__WHAT IS BEING ASKED__.
Would you retype the line that contains "Key rituals include" and all lines following it to the end of the entries below, exactly and without pictures?
START RECORD SET
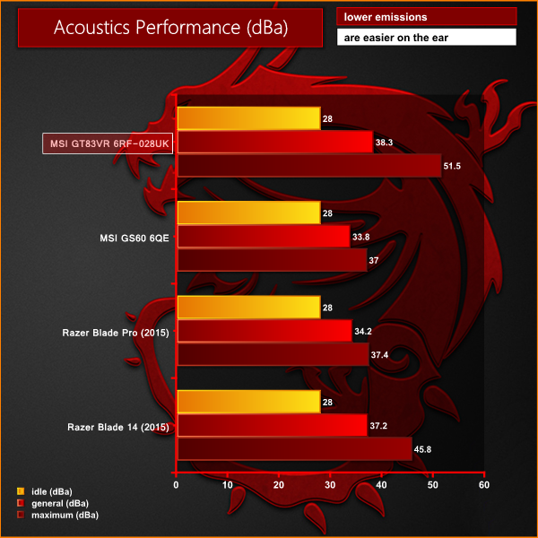 The MSI GT83VR 6RF is not a quiet laptop by any stretch of the imagination. Visualise strapping two reference GTX1080 cards and a Core i7 processor into a reasonably confined space and placing it a few feet from your head.
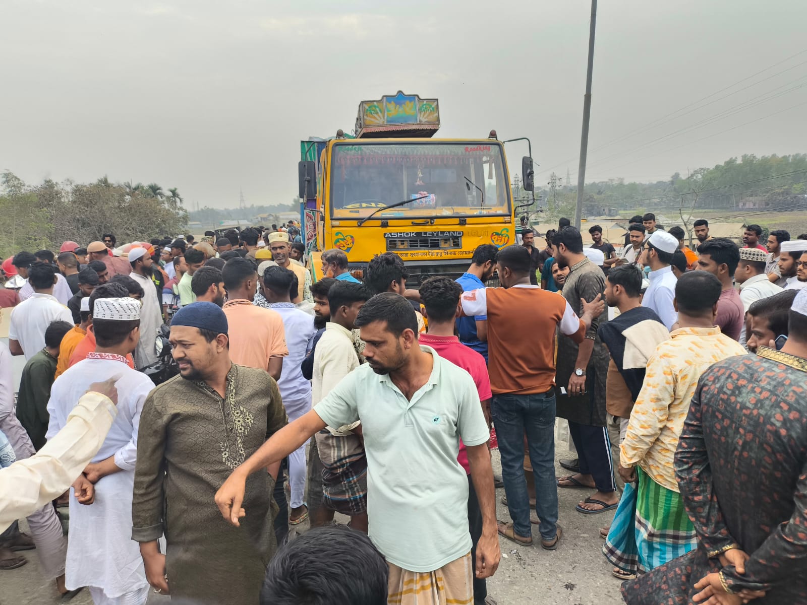 পুলিশের চেকপোস্টে ট্রাকের ধাক্কায় বাবা-ছেলের মৃত্যু, মহাসড়ক অবরোধ
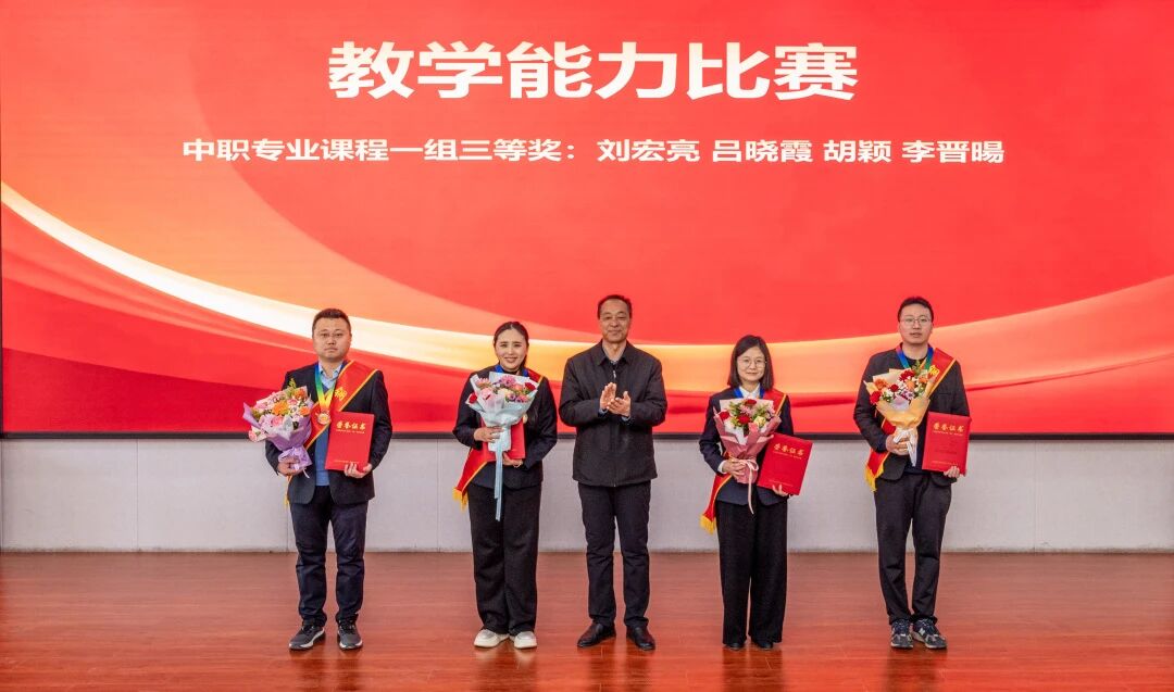 院领导为获奖教师逐一颁奖,掌声与笑意交织,是对每一份“深耕教育”的致敬,更是对“以赛育人”的笃定。
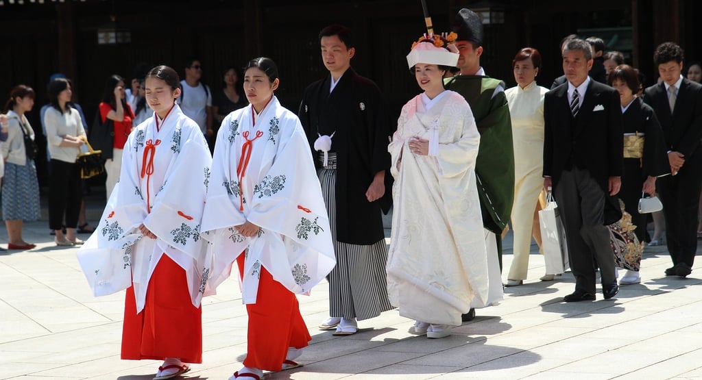 Key rituals include San-San-Kudo, where the bride and groom take three sips of sake from three cups, symbolizing union, fidelity, and family harmony. The exchange of rings and the presentation of gifts between families solidify both marital and social bonds. Brides often wear a shiromuku, an all-white kimono representing purity and the ability to adapt to the groom’s family, while grooms wear formal montsuki attire.
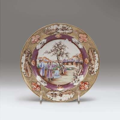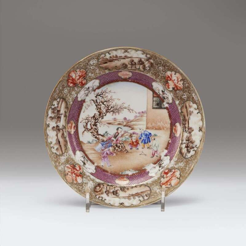 Decorated with figures in a landscape, the first depicting archers practicing, the second depicting children playing in front of a meiren in a garden, the rims with intricate gilt borders of small landscapes painted in sepia (2).
END RECORD SET
__WRITTEN SOLUTION__.
 Key rituals include San-San-Kudo, where the bride and groom take three sips of sake from three cups, symbolizing union, fidelity, and family harmony. The exchange of rings and the presentation of gifts between families solidify both marital and social bonds. Brides often wear a shiromuku, an all-white kimono representing purity and the ability to adapt to the groom’s family, while grooms wear formal montsuki attire.
 Decorated with figures in a landscape, the first depicting archers practicing, the second depicting children playing in front of a meiren in a garden, the rims with intricate gilt borders of small landscapes painted in sepia (2).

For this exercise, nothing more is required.